Challenge 2: Libraries, Tools, and Frameworks

Libraries, tools, and frameworks for RL are still maturing, and many are proprietary solutions that limit future flexibility. Intel introduced Reinforcement Learning Coach (RL Coach) in 2017 as a comprehensive, open source library and framework for developing, training, and evaluating RL agents. A recent survey of RL frameworks by Winder Research called RL Coach “the most comprehensive framework with the best documentation and a fantastic level of modularity.” Winder also praised RL Coach for having a “colossal” number of implemented algorithms and integrated RL environments, as well as the hooks it provides for deployment with Kubernetes.

RL is often paired with a simulation of the environment, enabling the use of real-time feedback to tune the learning system. But many use cases also lack a rich base of simulation software. With methods such as Batch RL, reinforcement learning can also allow faster, more cost-effective training of models based on historical data. We recently implemented Batch RL support in Coach 1.0.0 to help researchers and developers to use Coach and apply RL when your use case doesn’t allow a simulator

Challenge 3: Infrastructure Access

RL training is often compute- and memory-intensive, while many data scientists and researchers lack access to such powerful data center infrastructure. Intel has worked with Amazon to integrate RL Coach with the Amazon SageMaker* platform. Developers and researchers can use RL Coach to experiment with and deploy RL models while taking advantage of Amazon Web Services’ scalable computing services based on 2nd Generation Intel® Xeon® Scalable processors and other data center technologies from Intel. Intel continues to design our data center technologies around the requirements of AI workloads, ensuring robust performance for RL in the cloud and on premises.

Driving RL toward Maturity

Reinforcement learning is an exciting domain that is at the beginning of delivering value in AI use cases. By working together, we can significantly advance the maturing of RL and spread its benefits more broadly.

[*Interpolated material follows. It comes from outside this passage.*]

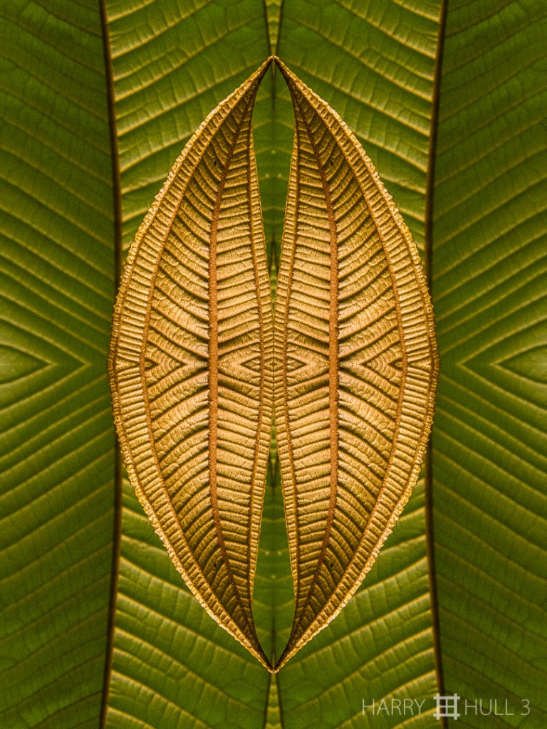 Leaf quilt. Photo of emerging and older melastome leaves, Finca Cantaros, San Vito, Costa Rica.

I encourage you to build on the work we have provided for RL. Contribute your RL codes to the open source community so data scientists and developers can reproduce and further them. Take advantage of RL Coach and Amazon SageMaker as needed to access high-performance infrastructure. Capitalize on the groundwork being done by RL researchers and developers. I’m excited to see what our work will make possible.